As more and more people access their email exclusively through the internet (as opposed to through a program, such as Microsoft Outlook, which downloads a copy of all emails to the account holder’s personal computer), the ability of a fiduciary to access these accounts becomes increasingly imperative. With no legislation governing access to digital assets by fiduciaries, the ability to gain access to such assets is left to the individual service providers. Some providers now allow some form of fiduciary access, which must generally be setup beforehand by the account holder (e.g., Google’s “Inactive Account Manager” and Facebook’s “Legacy Contact”), but there are still providers, including Yahoo!, which deny fiduciaries access as a matter of policy. Without access to digital assets, fiduciaries may be unable to fulfill their duties.

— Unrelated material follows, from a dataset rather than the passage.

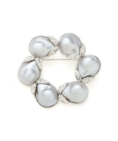 グレーカラーが洗練された印象のサークル型ブローチグレーのパールカラーのブローチ。ナチュラルな形状でまるで本物のバロックパールの様な見た目に仕上がっていますが、とても軽量なのでハイゲージニットにもつけられるブローチです。※この商品は、グレーのみ の1色展開となります。

RUFADAA and the way forward: Balancing fiduciary access with the account holder’s privacy interests
Fortunately, many states have begun to address these issues, mainly by enacting the Revised Uniform Fiduciary Access to Digital Assets Act, or “RUFADAA” (the original Uniform Fiduciary Access to Digital Assets Act, “UFADAA,” was heavily opposed by technology companies and privacy advocates). Under RUFADAA, instructions provided by an account holder regarding fiduciary access, either through a tool provided by the service provider (such as the Inactive Account Manager and Legacy Contact tools mentioned previously) or through a will, power of attorney, trust, or other written record, are legally enforceable. In the absence of instructions provided by the account holder, the account’s terms of service will govern, and if the terms of service are silent on the issue, RUFADAA’s default rules will govern. Thirty-seven states have enacted RUFADAA into law and one state (Delaware) has enacted UFADAA (the principal difference between UFADAA and RUFADAA is that, under UFADAA, fiduciaries are presumed to have access to digital assets unless the account holder explicitly denies them such access). RUFADAA was introduced in an additional six states (plus the District of Columbia) in 2017. Although RUFADAA’s careful balancing of the privacy interests of the account holder with the needs of the fiduciary make it a promising solution to the problem of fiduciary access, it has yet to be introduced in Massachusetts (though two other bills addressing the issue have been introduced).
Unfortunately, until such time as the Massachusetts Legislature sees fit to address this issue, many more Massachusetts residents are likely to encounter the situation faced by the Ajemians.